I honestly don't know much about sheep. We have older elementary/middle school kids and some older high school kids. A lot of the kids are doing the country ham project and know nothing about goats/sheep.

I'd love to make it informative and fun. 

Any ideas? We do have a projector that I can hook my laptop to bit I'll admit I'm not technology savvy lol.


----------



## Robinsonfarm (Jul 17, 2015)

What kind of information do you want to present to them? 
Raising , breeding, showing, selecting? 
There are some good materials out there


----------



## K Brooke (May 9, 2018)

I’ve been to a goat/sheep class and one of the topics was diet. It was really neat and interactive because they had a jar of the different things in a goat or sheep diet and passed them around so each person could see and identify what was in each jar. Just a thought.


----------



## Jessica84 (Oct 27, 2011)

I just did one about the differences and also the same between goats and sheep. This good info for this topic 
http://www.sheep101.info/sheepandgoats.html
To make it fun divide the kids into 2 groups, give each group 3 papers, or paddles that say sheep, goat, both and ask who am I questions. Like "I will graze while it rains, who am I?"


----------



## MadHouse (Oct 3, 2019)

Jessica84 said:


> "I will graze while it rains, who am I?"
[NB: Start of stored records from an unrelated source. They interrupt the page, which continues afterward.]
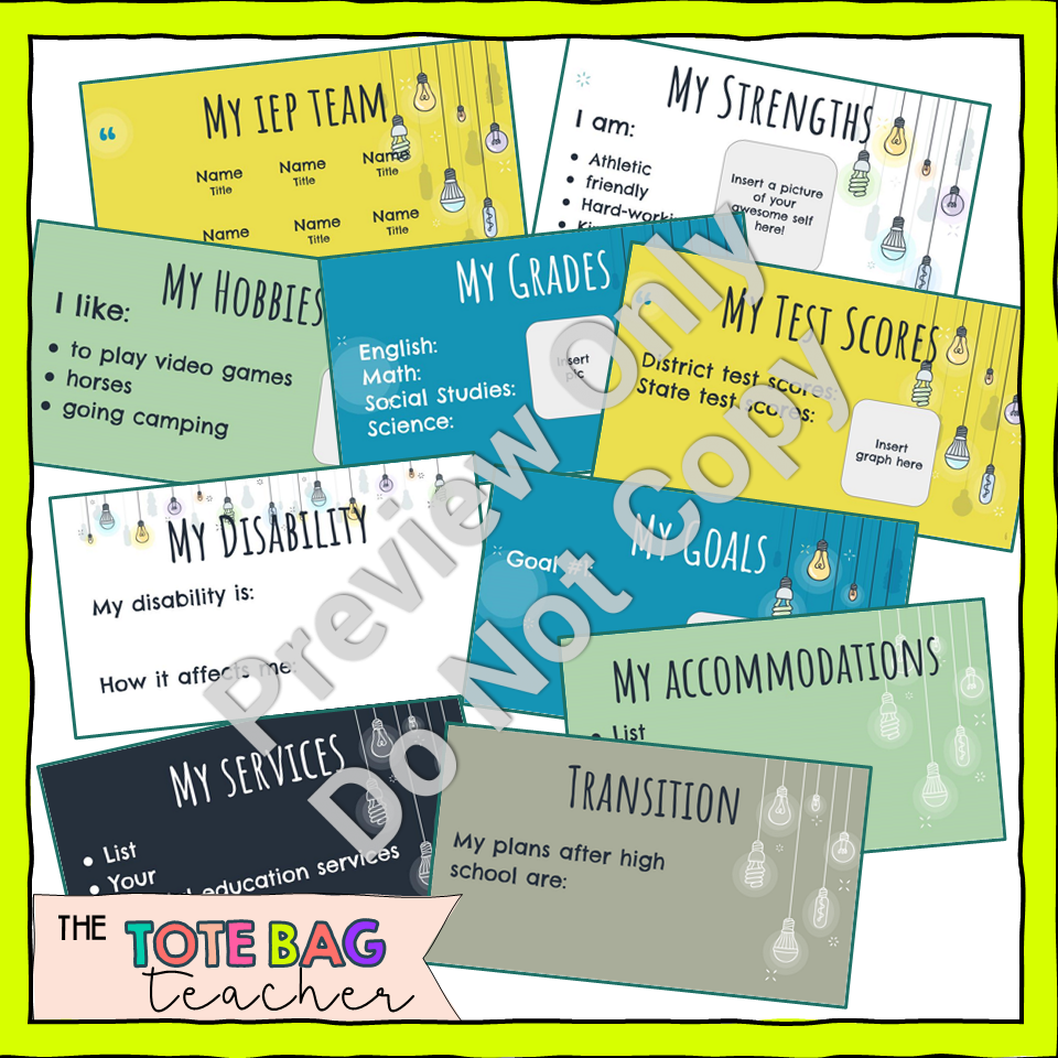 This presentation is perfect for students to present their information at their own IEP meeting in a student-friendly way. It's completely customizable and editable, so it will work with any student.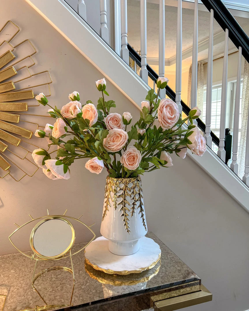 Description: This real touch peach faux floral stem is a stunning addition to your floral bouquet! The pink/peach color is a fun reminder of spring!
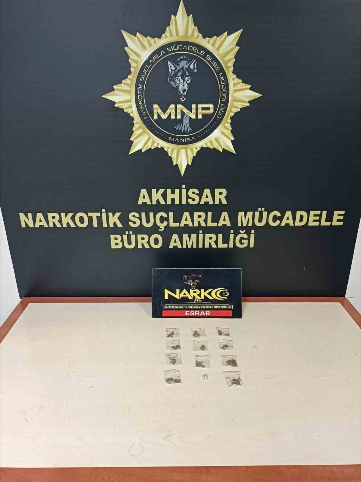 Akhisar ilçesinde Cumhuriyet Başsavcılığı koordinesinde Akhisar Narkotik Suçlarla Mücadele Büro Amirliği ekiplerince gerçekleştirilen uyuşturucu operasyonunda E.A. (21) isimli şüpheli yakalandı. Saruhanlı’da ikamet eden E.A’nın evinde yapılan aramada, parçalar halinde 7.74 gram esrar ve 10 adet sentetik hap ele geçirdi. Gözaltına alınan E.A. çıkarıldığı mahkemece tutuklanarak cezaevine gönderildi.

You are crazy! (Says the goat) 

The more hands on, the better. 
We tend to listen better, when the presenter talks about their own real experience, rather than presenting facts. 
Technology often fails in the crucial moments. Have a backup plan, if planning on showing things on a screen.


----------



## HoosierShadow (Apr 20, 2010)

Thanks so much! Okay, so last night we had our monthly Livestock business meeting, and decided for some of it we'll go with my original idea of introducing, and exploring... FECALS on goats/sheep! We're going to bring in microscopes, and supplies to show what/how we do a fecal, FAMANCHA cards, one of the microscopes we hope to hook up to the projector or actually it's one of those wall mounted screens not a projector (something new that I don't know how to use lol).

We had an agriculture day at a private school last year and my kids and my friends kids who show goats made posters about goat information, so we'll have those. My daughter and I made a poster we displayed at our state fair ABGA show with facts, and things about showing registered goats, so I'll bring that.
I also made a flier for ag day last year I thought I'd pass out with information about goats, and on the back different ways you can show goats in KY. 

BUT... we have nothing for sheep. We do have some families that show, but I haven't been able to get a hold of the teen who is super knowledgeable/showed/raised her whole life and is a senior this year.

So.
Jessica - I will check out your link! The game sounds great! I would love to try to incorporate as much knowledge into this as possible and even put together a sheep fact sheet like the one I made for goats that could also be passed out for Ag day in May! 
Below is the front/back of the flier I made for ag day last year. 

Having a game at the end would be great!


----------